Tangeni Amupadhi
The People’s Poet, Mzwakhe Mbuli, believes he may have been set up on robbery charges because he was poised to blow the whistle on a drugs and gun-running ring involving top government officials.
This week Mbuli shed some light on a smuggling conspiracy between South Africa and Swaziland as a possible reason why he was framed for a bank robbery. He was arrested in October last year and has been in jail since, failing to secure bail on three occasions.
The Royal Swazi Police confirmed they were in contact with Mbuli two months before his arrest and were discussing “sensitive” information.
In August last year Mbuli went to Swaziland as the star performer at an anti-drug-abuse concert organised by the country’s National Crime Prevention Council. The Swazi organisers paid him to spend two days in the country, ostensibly to make enough time to speak to him.
“They said if I’m genuine about fighting drugs, I should help them – that I should take some information personally to [President Nelson] Mandela,” said Mbuli from Pretoria Central prison, where he is awaiting trial. “You see, people think because it’s Mzwakhe I’m close to Mandela. Those people [in Swaziland] didn’t want to trust anyone.”
The information allegedly implicates government officials and former South African Police officers in a drugs and arms-smuggling syndicate.
Says KS Ndlovu, Swazi police representative: “When Mr Mbuli came here, we spoke about a lot of things. Some of these are things that you cannot talk about over the telephone. It is quite impossible for me to comment about these issues.
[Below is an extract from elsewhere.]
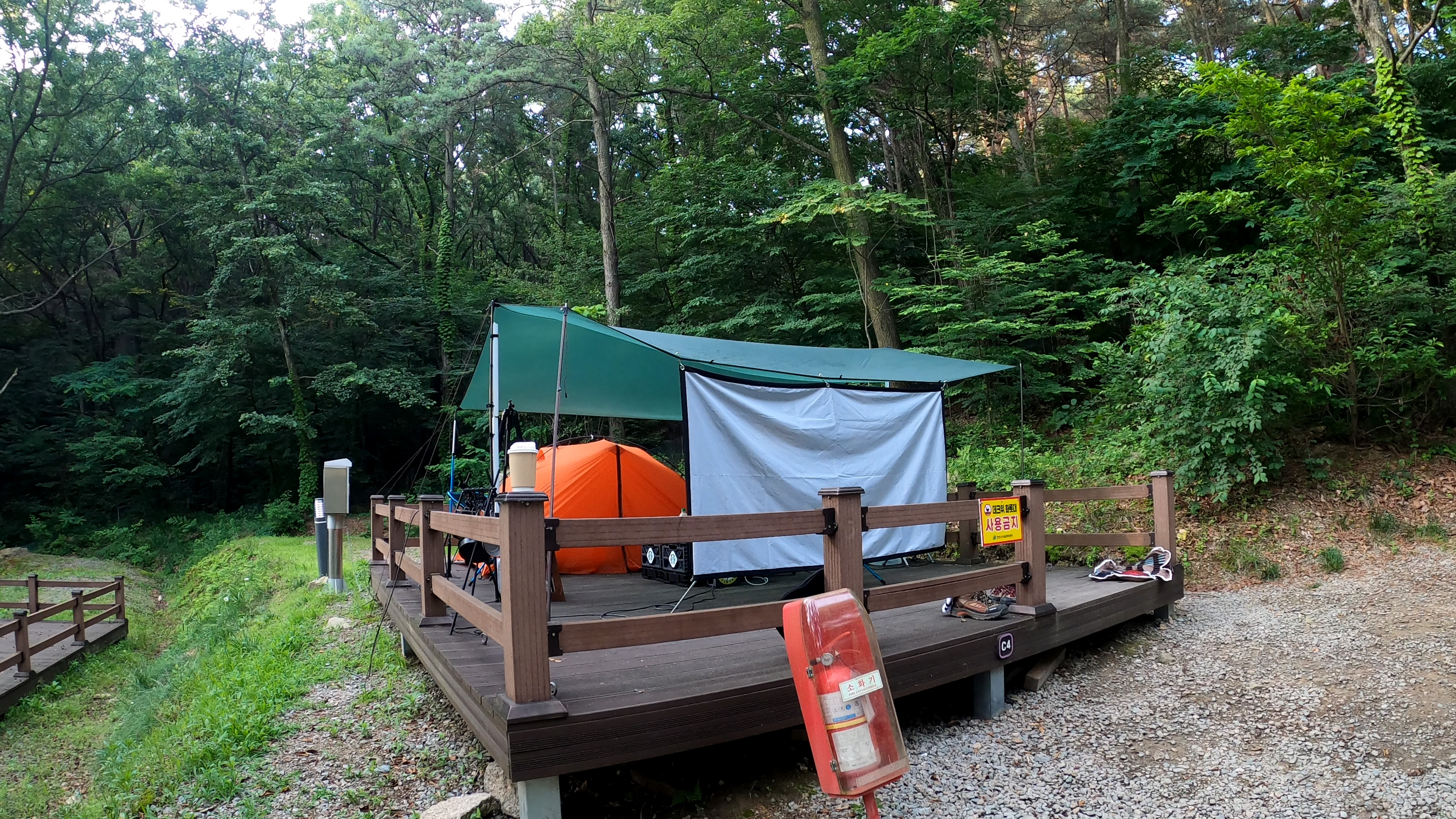 예약한 사이트는 C구역의 맨 안쪽 사이트인 C4 데크로 화장실과 취사장과 가깝기도 하고 맨 끝에 있어 한적하게 즐기기에 좋은 자리였다. 게다가 C3 구역은 사회적 거리두기로 비어있었던 터라 더더욱 조용했던 곳.

They are too sensitive.”
Back in South Africa, Mbuli had a meeting with the former Gauteng MEC for safety and security, Jessie Duarte, her department head Mkhabela Sibeko and a National Intelligence Agency operative called Mountain.
Sibeko says the purpose of the meeting was for the poet to “raise his anger” about the slow progress made in the investigation into an attempt to assassinate him.
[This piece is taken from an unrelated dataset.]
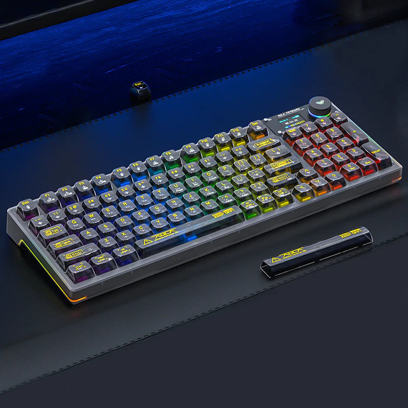 Aula F98 PRO White Transparent, Hotswap RGB Gasket Bluetooth Wireless, Tastatura Mecanica Gaming, Alb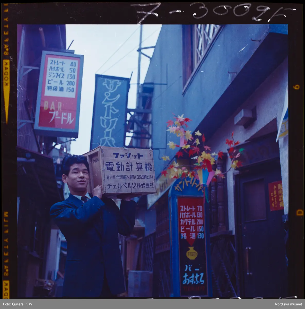 585/8 Facit Tokyo Daberg. En man bär en låda på axeln.

“He alluded to this issue of drug smuggling – not arms – and about a chap in Swaziland, a drug pusher, who was hosting government officials. He was saying he has information but will talk more about it at a high political level – the level of the president’s office,” Sibeko says.
Less than two months later police arrested Mbuli outside Pretoria, a few minutes after a nearby bank was robbed.
Police said they found R15 000, a hand grenade and several hand guns in the possession of the poet. Mbuli says he had R1 850 at the time and his licensed pistol. One of the two bodyguards arrested with him also had a licensed firearm.
Police subsequently linked Mbuli to other robberies – one of a Randburg businessman robbed of R200 000, another of a bottle store where R900 was taken. But some of the cases are already beginning to collapse. In one of the robberies, at least three of Mbuli’s alleged accomplices were in police custody at the time when the incidents happened.
Mbuli says he was not in the bank that day. He says he drove to Pretoria to meet a stranger who claimed he had information about the attempt on his life. The stranger gave a bag to Mbuli and his two bodyguards, and told them to drive away quickly. They were arrested within 15 minutes and R13 000 was found in the bag.
The Independent Complaints Directorate (ICD) last month began speeding up its investigation into the police handling of Mbuli’s case. ICD deputy director for special investigations Julian Snitcher says it is not probing whether Mbuli was involved in crime – it is looking into various allegations of malpractice in the case – but he adds that all aspects will be looked into.
Mbuli, who did not manage to pass information on to Mandela, says he cannot say more about the drugs and arms-smuggling case.
But Ndlovu says: “There are a lot of things that will come out in the court and if I talk about some of these things now it may prejudice him.”
Mbuli himself appears to be in high spirits, pointing out that he is not over- confident: “I’m more than confident the truth will out.”
From behind the glass dividing the visitors’ cubicle, Mbuli talks the way he recites poems, moving sideways, putting his hand on the glass and booming into the speaker with his powerful voice.
Behind bars he continues to write poems, like these lines about his arrest: “My underpants pulled down/My private parts exposed/Is this the new South Africa/I am vulgar proof.”